Below are concrete code examples for secure Express routes interacting with DynamoDB.

1. Strict Origin Validation Middleware

Use middleware that validates the Origin and Referer headers against an allowlist. Do not rely on CORS alone for security-sensitive operations.

const allowedOrigins = ['https://app.example.com', 'https://admin.example.com'];
function validateOrigin(req, res, next) {
  const origin = req.headers.origin;
  const referer = req.headers.referer;
  if (!origin || !allowedOrigins.includes(origin)) {
    return res.status(403).json({ error: 'Forbidden origin' });
  }
  if (referer && !allowedOrigins.some(o => referer.startsWith(o))) {
    return res.status(403).json({ error: 'Forbidden referer' });
  }
  next();
}
app.use(validateOrigin);

2. Authenticated and Authorized DynamoDB Access

Ensure every route that performs DynamoDB operations verifies the user’s identity and checks permissions before proceeding.

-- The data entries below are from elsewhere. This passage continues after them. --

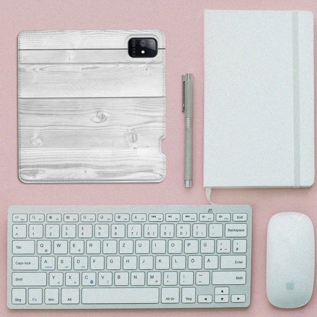 Samsung Galaxy M51 Book Wallet Case White Wood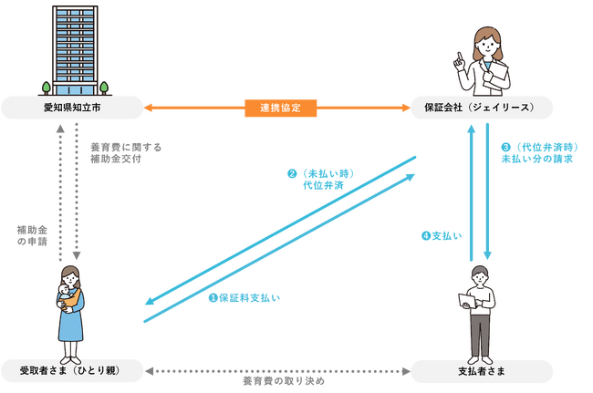 ジェイリースの養育費保証サービス「J-みらい」により、養育費未払い時にジェイリースが養育費受取者さまに代位弁済を行います。知立市の養育費に関する補助金交付制度(保証契約時保証料補助、公正証書等作成費用補助)と併せて、ひとり親家庭の養育費の確保等について包括的な支援を行います。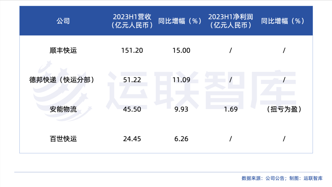 2023年上半年,安能实现5.53亿元毛利,经调整税前利润超3.14亿元人民币,净利润1.69亿元,实现扭亏为盈;百世快运毛利率同比提高13个百分点,实现Non-GAAP盈利。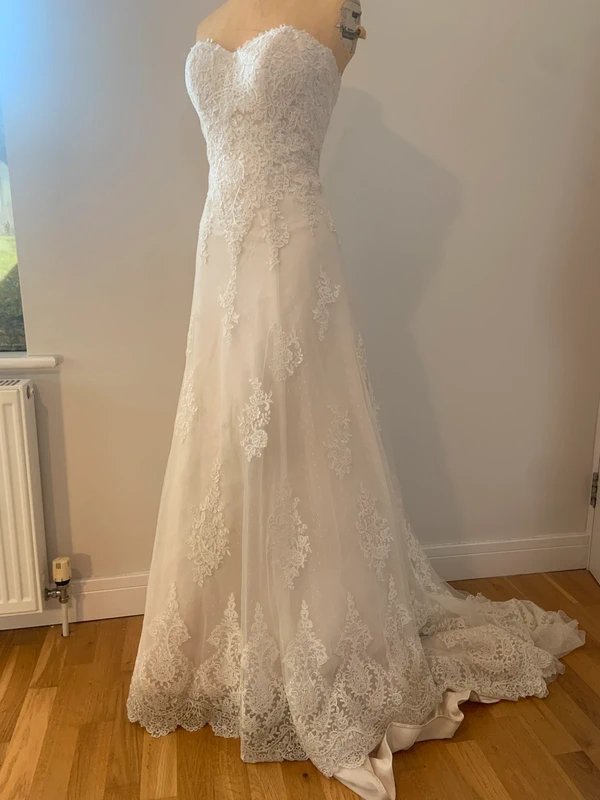 The Anna Sorrano Embroidered Lace Wedding Dress in Ivory is available in sizes S.

Use a library such as the AWS SDK for JavaScript to interact with DynamoDB.

const AWS = require('aws-sdk');
const dynamodb = new AWS.DynamoDB.DocumentClient();

app.get('/api/items/:id', async (req, res) => {
  // Example: req.user should be set by authentication middleware
  const userId = req.user.sub;
  const itemId = req.params.id;

  // Enforce ownership or role-based access control
  const params = {
    TableName: process.env.DYNAMODB_TABLE,
    Key: { id: itemId },
  };

  try {
    const data = await dynamodb.get(params).promise();
    if (!data.Item || data.Item.userId !== userId) {
      return res.status(403).json({ error: 'Access denied' });
    }
    res.json(data.Item);
  } catch (err) {
    console.error('DynamoDB error:', err);
    res.status(500).json({ error: 'Internal server error' });
  }
});

3. Least-Privilege IAM and Parameter Validation

Configure IAM roles for the Express service with the minimum required permissions for DynamoDB. Validate and sanitize all inputs to prevent injection and unauthorized queries.

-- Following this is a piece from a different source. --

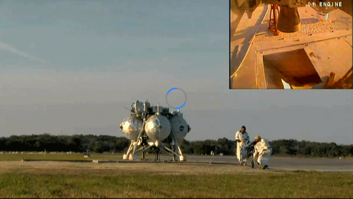 The four-legged Morpheus lander lit its engine at 4:11 p.m. and climbed about 800 feet, then flew forward 1,300 feet while descending to a pad in a simulated moonscape north of the shuttle runway, where it touched down in a cloud of dust.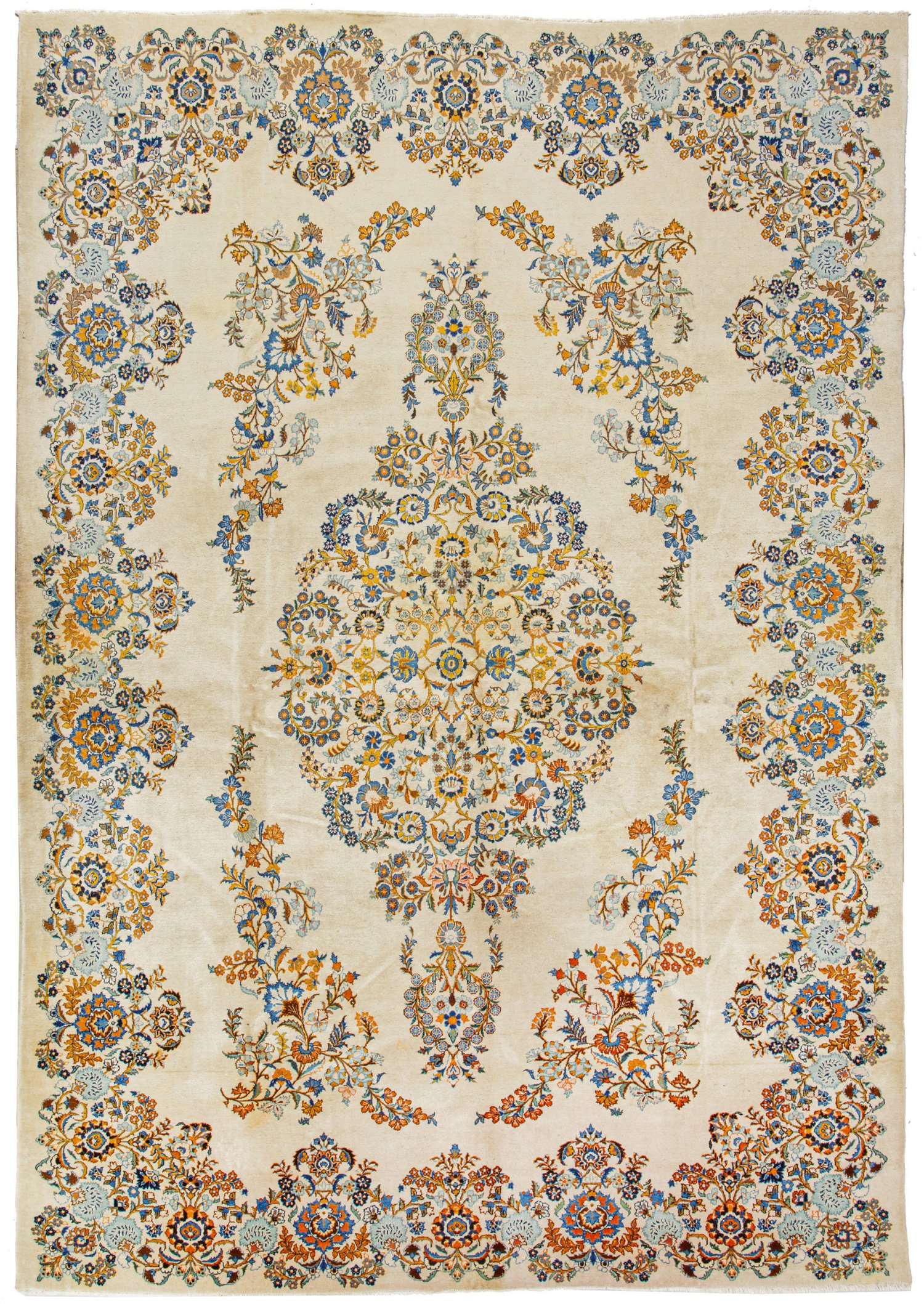 Persien. Um 1950. Wolle auf Baumwolle. Auf beigefarbenem Fond großes, offen gestaltetes Medaillon aus dicht angeordneten Blütenrispen mit Anhängern, umgeben von großen Zweigmotiven. Umlaufend breite, ebenfalls offen gestaltete Blütenbordüre. 380 cm x 270 cm.

// Example IAM policy (conceptual, not code):
// {
//   "Version": "2012-10-17",
//   "Statement": [
//     {
//       "Effect": "Allow",
//       "Action": [
//         "dynamodb:GetItem",
//         "dynamodb:Query"
//       ],
//       "Resource": "arn:aws:dynamodb:region:account-id:table/ItemsTable"
//     }
//   ]
// }

const validateItemId = (id) => {
  return typeof id === 'string' && /^[a-zA-Z0-9_-]{1,36}$/.test(id);
};

app.post('/api/items', async (req, res) => {
  const { id, value } = req.body;
  if (!validateItemId(id) || typeof value !== 'string') {
  return res.status(400).json({ error: 'Invalid input' });
  }

  const params = {
    TableName: process.env.DYNAMODB_TABLE,
    Item: {
      id,
      value,
      userId: req.user.sub,
    },
  };

  try {
    await dynamodb.put(params).promise();
    res.status(201).json({ success: true });
  } catch (err) {
    console.error('Failed to put item:', err);
    res.status(500).json({ error: 'Internal server error' });
  }
});

4. Disable Dangerous Methods and Monitor Findings

Disable HTTP methods that are not required (e.g., TRACE, TRACK) and use middleBrick to continuously scan your API for misconfigurations that could be abused via DNS rebinding or other client-side attacks. Follow remediation guidance provided in findings to tighten authentication and authorization around DynamoDB interactions.

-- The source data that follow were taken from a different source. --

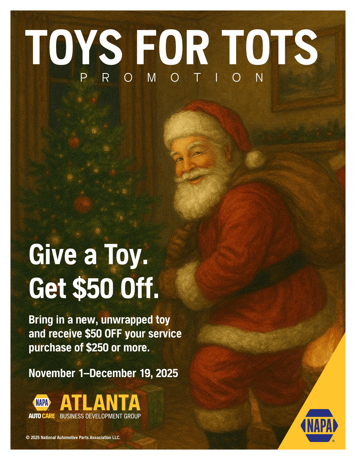 - The program is open to all eligible Atlanta Auto Care BDG Members who opted to participate. The program runs from 11/1/25 – 12/19/25. All participating members have been enrolled as a donation center on the Toys For Tots website.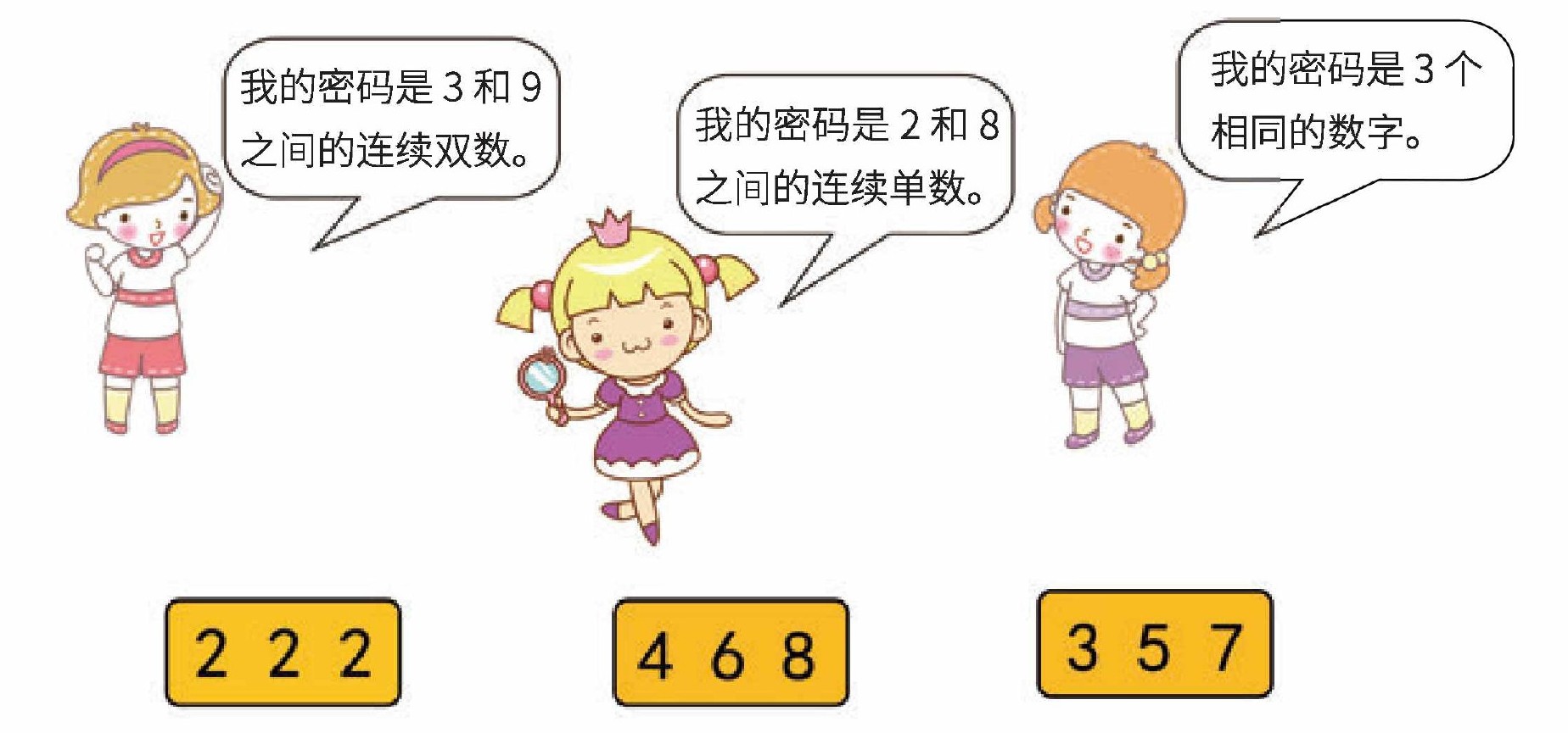 小红、花萝、梦梦都有一个带锁的日记本。请你根据她们各自说的话,找到她们日记本的密码并用线连起来。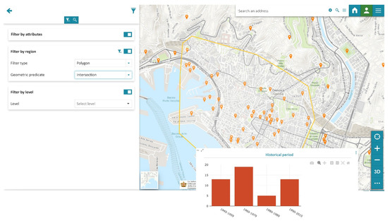 The enquiry form (Figure 3), available in two languages (Italian and English), allows visualising, for the selected building, one or more photographs in carousel mode, in addition to the data listed above, and is a tool with great popular and tourist value. The Geoportal allows users to create graphs, tables, and counters to analyse the information more effectively through a spatial query (Figure 4).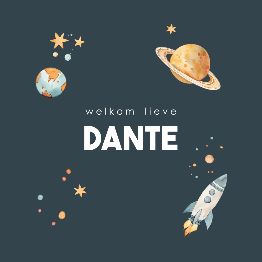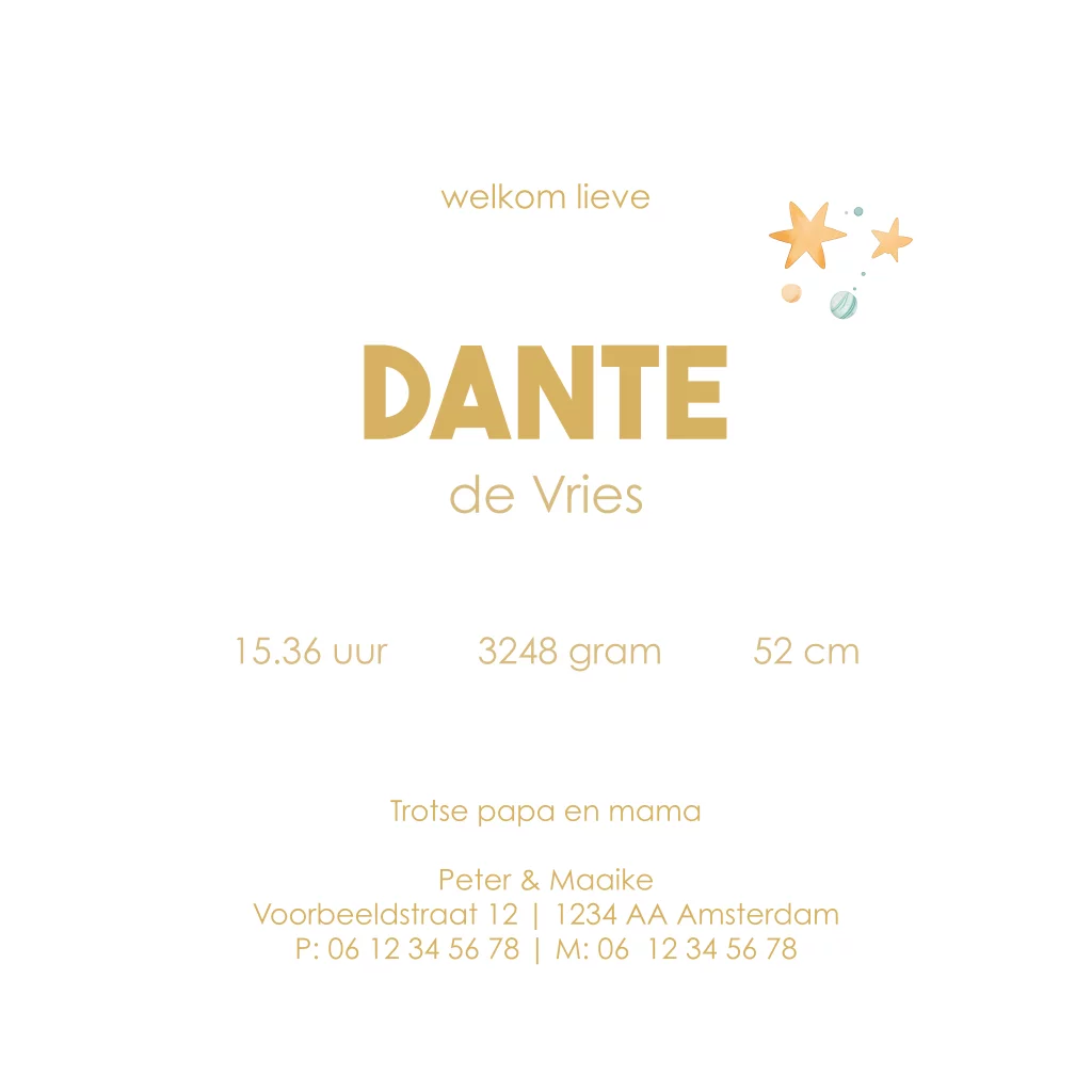Een tof geboortekaartje voor een jongen.Dit kaartje heeft een blauwe achtergrond met ruimte thema. Je ziet planeten, sterren en een racket. De naam wordt gedrukt in goudfolie. Pas het ontwerp naar wens aan in onze online editor.

Frequently Asked Questions

How does DNS rebinding bypass browser protections in an Express app using DynamoDB?
DNS rebinding tricks the browser into sending requests to internal addresses that the browser would normally block. If the Express app does not validate origin/referer and relies on the browser’s same-origin policy, these requests can execute privileged DynamoDB operations using the user’s session, bypassing intended access controls.
What are key remediation steps to secure Express routes that interact with DynamoDB?
Enforce strict origin and referer validation, authenticate and authorize every request, apply least-privilege IAM policies, validate and sanitize all inputs, disable unnecessary HTTP methods, and use continuous scanning tools like middleBrick to detect misconfigurations and insecure endpoints.